START DATA
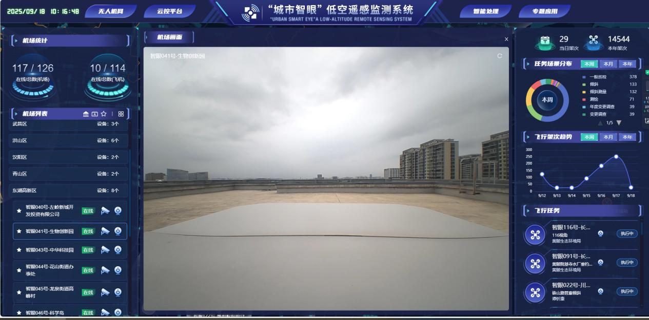 2023年起,东湖高新区自然资源和规划局联合武汉市测绘研究院,将11个无人机场站网格化部署于花山、豹澥、九峰等9个街道,全面接入“城市智眼”政务监管系统,开启自然资源领域低空监管新实践。
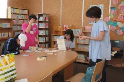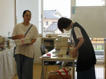 夏休み初日の今日、図書室では図書館ボランティアの方々が子供たちのためラベル貼りや廃棄本の整理等、懸命にお仕事をしてくださっています。
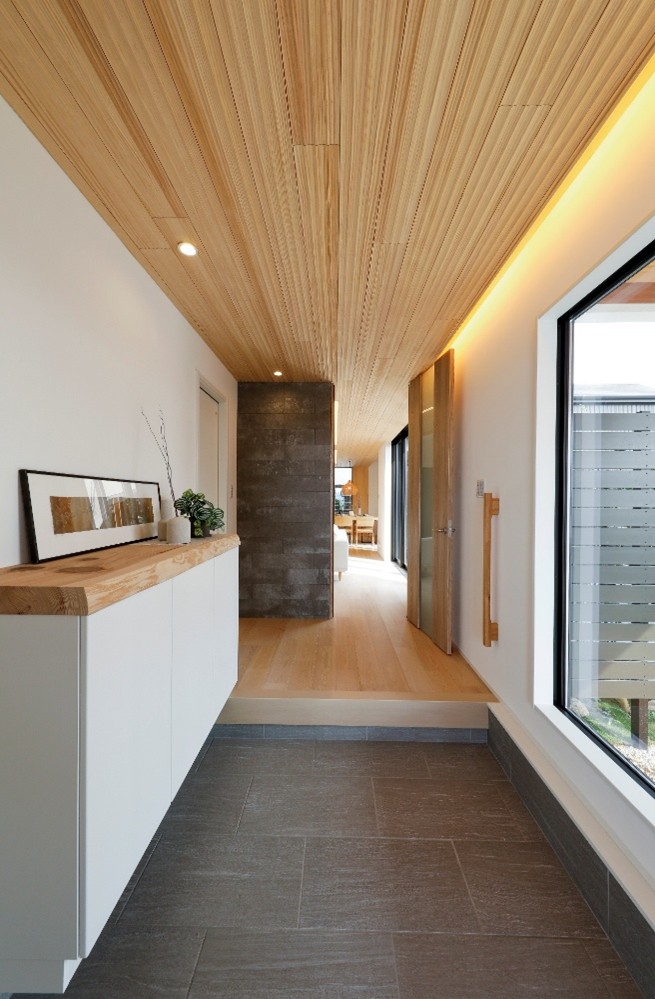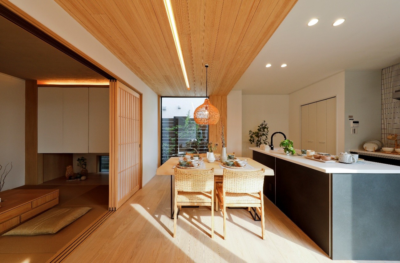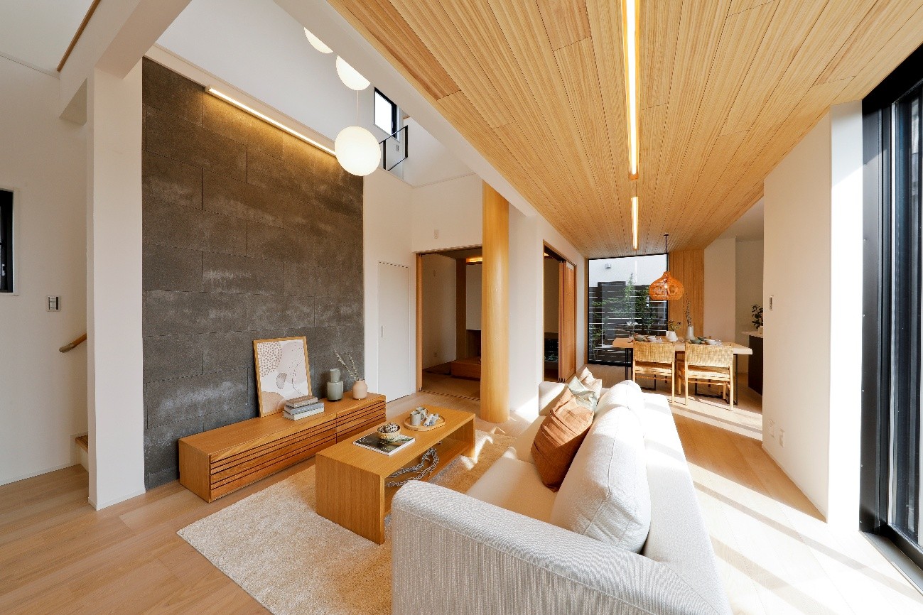 リビングにそびえる野村工務店こだわりの大黒柱に合わせ、和モダン空間とした。玄関からリビングまで伸びる幅2m、奥行10mの無垢板天井が住む人を迎え入れるイメージで設えています。
END DATA
TASK INSTRUCTIONS> Could you transcribe exactly the lines running from the one with "夏休み初日の今日、図書室では" to the final line of the material above, both included, with no pictures?

REPLY TO THE EXERCISE>
 夏休み初日の今日、図書室では図書館ボランティアの方々が子供たちのためラベル貼りや廃棄本の整理等、懸命にお仕事をしてくださっています。
 リビングにそびえる野村工務店こだわりの大黒柱に合わせ、和モダン空間とした。玄関からリビングまで伸びる幅2m、奥行10mの無垢板天井が住む人を迎え入れるイメージで設えています。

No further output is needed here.